A senior defense official said Wednesday that the U.S. will provide the Ukrainians with systems that they know how to use, that they’re already trained and equipped to use, and that they are using with effect. Those include air defense systems that allies and partners possess and might be willing to send to Ukraine, said the official, who spoke on condition of anonymity to discuss internal talks. Defense Secretary Lloyd Austin will be in Slovakia on Thursday and is expected to discuss this issue with officials there.
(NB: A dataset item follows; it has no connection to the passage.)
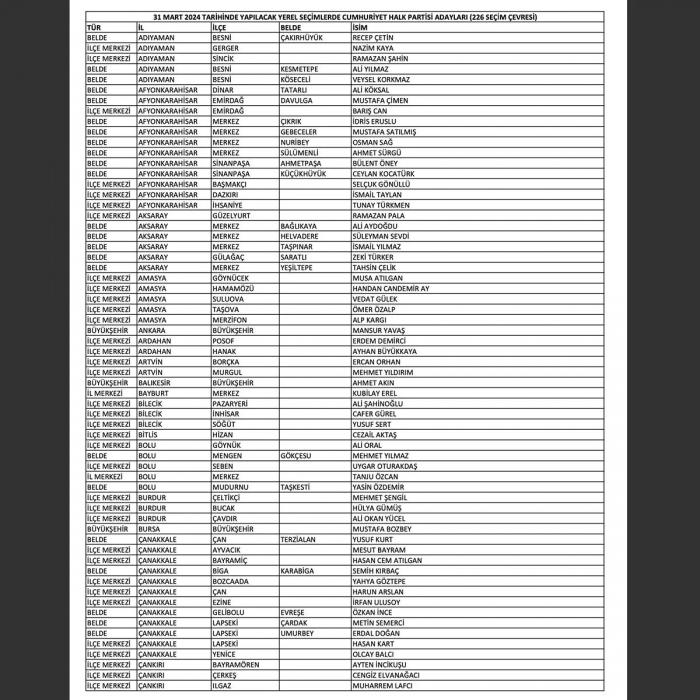 İŞTE CHP'NİN AÇIKLANAN BELEDİYE BAŞKAN ADAYLARI

Left off the list for Ukraine were two things that Zelenskyy has repeatedly requested, but the U.S. and NATO have firmly rejected: Russian made MiG-29 fighter jets funneled to Ukraine via the U.S., and the establishment of a no-fly zone over Ukraine. The West believes that doing either could trigger a wider war with Russia.

Stephen Biddle, a professor of international affairs at Columbia University, said that although there is risk in providing Ukraine with weapons, it entails less risk than allowing NATO territory to be used for flying MiG fighters into Ukraine or for enforcing a no-fly zone. He noted that Germany did not attack the United States to prevent tanks, bombers and other weaponry from reaching Britain under the Lend Lease program in the years of World War II.

“Nothing about the Ukraine war is risk-free -- the issue is now balancing risks that cannot be avoided,” Biddle said. “The more lethal the arms we transfer the greater the risk, but there is also risk in allowing Putin to steamroller Ukraine.”

A look at what the U.S. is sending, according to the White House.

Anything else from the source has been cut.